Direktur Eksekutif Asosiasi Pengusaha Ritel Indonesia (APRINDO), Dasep Suryanto menyatakan sektor ritel siap mendukung ekspansi pasar komersial tersebut, terlepas dari adanya disparitas harga yang saat ini masih memfragmentasi pasar.

"Kami di lini hilir melihat adanya kebingungan pasar karena belum tersedianya referensi harga yang jelas.
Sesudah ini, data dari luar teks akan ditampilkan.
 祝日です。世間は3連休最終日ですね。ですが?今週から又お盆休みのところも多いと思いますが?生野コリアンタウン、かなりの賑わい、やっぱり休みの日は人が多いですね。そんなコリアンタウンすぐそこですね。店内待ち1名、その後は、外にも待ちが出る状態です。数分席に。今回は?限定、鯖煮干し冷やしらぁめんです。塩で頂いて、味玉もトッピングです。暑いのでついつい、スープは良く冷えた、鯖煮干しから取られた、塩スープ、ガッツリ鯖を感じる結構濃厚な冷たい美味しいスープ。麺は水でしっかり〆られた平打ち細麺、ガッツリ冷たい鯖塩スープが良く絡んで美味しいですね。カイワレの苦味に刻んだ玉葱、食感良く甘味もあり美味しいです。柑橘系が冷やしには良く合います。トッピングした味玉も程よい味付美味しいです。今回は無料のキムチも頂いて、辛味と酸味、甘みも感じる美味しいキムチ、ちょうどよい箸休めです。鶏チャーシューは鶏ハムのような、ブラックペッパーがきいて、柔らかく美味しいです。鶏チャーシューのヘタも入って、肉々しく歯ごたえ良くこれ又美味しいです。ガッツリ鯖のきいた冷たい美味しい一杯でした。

Di sisi lain, kita ingin menghadirkan produk bergizi yang tetap terjangkau bagi konsumen," ujar Dasep di sela-sela diskusi panel yang bertajuk "Millers for Nutrition: Advancing Fortified Rice in the Commercial Market" di Jakarta, Rabu (24/6/2026).

Saat ini, beras fortifikasi atau beras yang diperkaya gizi di jaringan ritel modern mengusung harga hampir 20-30% di atas harga beras reguler. Dasep mengingatkan bahwa tanpa adanya standarisasi harga dan efisiensi jalur distribusi, kesenjangan harga yang lebar ini berisiko memicu distorsi pasar.

Untuk menstabilkan pasar, APRINDO menekankan pentingnya implementasi tiga strategi utama, yakni kejelasan dan kepastian regulasi, efisiensi distribusi langsung dari penggilingan atau RMU ke peritel, serta edukasi konsumen secara berkelanjutan dengan mengoptimalkan jaringan ritel nasional.

Dengan kekuatan jaringan ritel yang tersebar di seluruh Indonesia, APRINDO siap mengambil peran sebagai mitra strategis pemerintah dalam menjembatani kesenjangan informasi tersebut. “Tujuan akhirnya adalah menjamin akses masyarakat terhadap beras bergizi dengan harga terjangkau. Oleh karena itu, aspek regulasi, distribusi, dan edukasi harus berjalan secara bersamaan,” tegas Dasep.

Baca Juga: Amran Klaim Era Prabowo Cetak Rekor Baru Pertanian, dari Harga Pupuk Turun hingga Produksi Beras

Industrialisasi Sektor Hulu

Dari sisi produksi, infrastruktur industri yang menopang komoditas beras fortifikasi menunjukkan tren pertumbuhan. Komisaris PT Pangan Nabati Umbi Nusantara Mirza Muttaqien mengonfirmasi bahwa sektor ini telah melewati ambang batas menuju fase industrialisasi yang matang.

"Pada prinsipnya, berapa pun harga beras yang beredar di pasar, terdapat ruang bagi peningkatan nilai tambah sekitar Rp1.000 per kilogram," ungkap Mirza merujuk pada biaya marjinal untuk penambahan mikronutrien esensial.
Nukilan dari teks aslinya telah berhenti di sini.